## Supplied material
========================================
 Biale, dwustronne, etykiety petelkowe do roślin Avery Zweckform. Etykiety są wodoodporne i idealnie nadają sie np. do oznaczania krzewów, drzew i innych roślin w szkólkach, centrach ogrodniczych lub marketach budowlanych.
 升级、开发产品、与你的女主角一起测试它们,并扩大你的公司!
========================================
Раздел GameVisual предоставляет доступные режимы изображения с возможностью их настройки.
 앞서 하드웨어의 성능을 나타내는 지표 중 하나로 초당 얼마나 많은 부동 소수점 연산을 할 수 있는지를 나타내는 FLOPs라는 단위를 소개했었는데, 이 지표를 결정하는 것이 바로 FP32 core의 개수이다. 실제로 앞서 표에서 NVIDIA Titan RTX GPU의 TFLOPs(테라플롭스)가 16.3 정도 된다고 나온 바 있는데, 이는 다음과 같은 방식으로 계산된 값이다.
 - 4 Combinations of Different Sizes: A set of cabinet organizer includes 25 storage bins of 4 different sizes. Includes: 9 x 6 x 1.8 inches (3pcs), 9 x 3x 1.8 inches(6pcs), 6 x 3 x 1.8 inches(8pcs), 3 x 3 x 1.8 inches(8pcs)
========================================
## To do
From the material above, set down exactly the lines between the line holding "Biale, dwustronne, etykiety" and the line holding "升级、开发产品、与你的女主角一起测试它们,并扩大你的公司!", inclusive. Include nothing else.

## Exercise output
 Biale, dwustronne, etykiety petelkowe do roślin Avery Zweckform. Etykiety są wodoodporne i idealnie nadają sie np. do oznaczania krzewów, drzew i innych roślin w szkólkach, centrach ogrodniczych lub marketach budowlanych.
 升级、开发产品、与你的女主角一起测试它们,并扩大你的公司!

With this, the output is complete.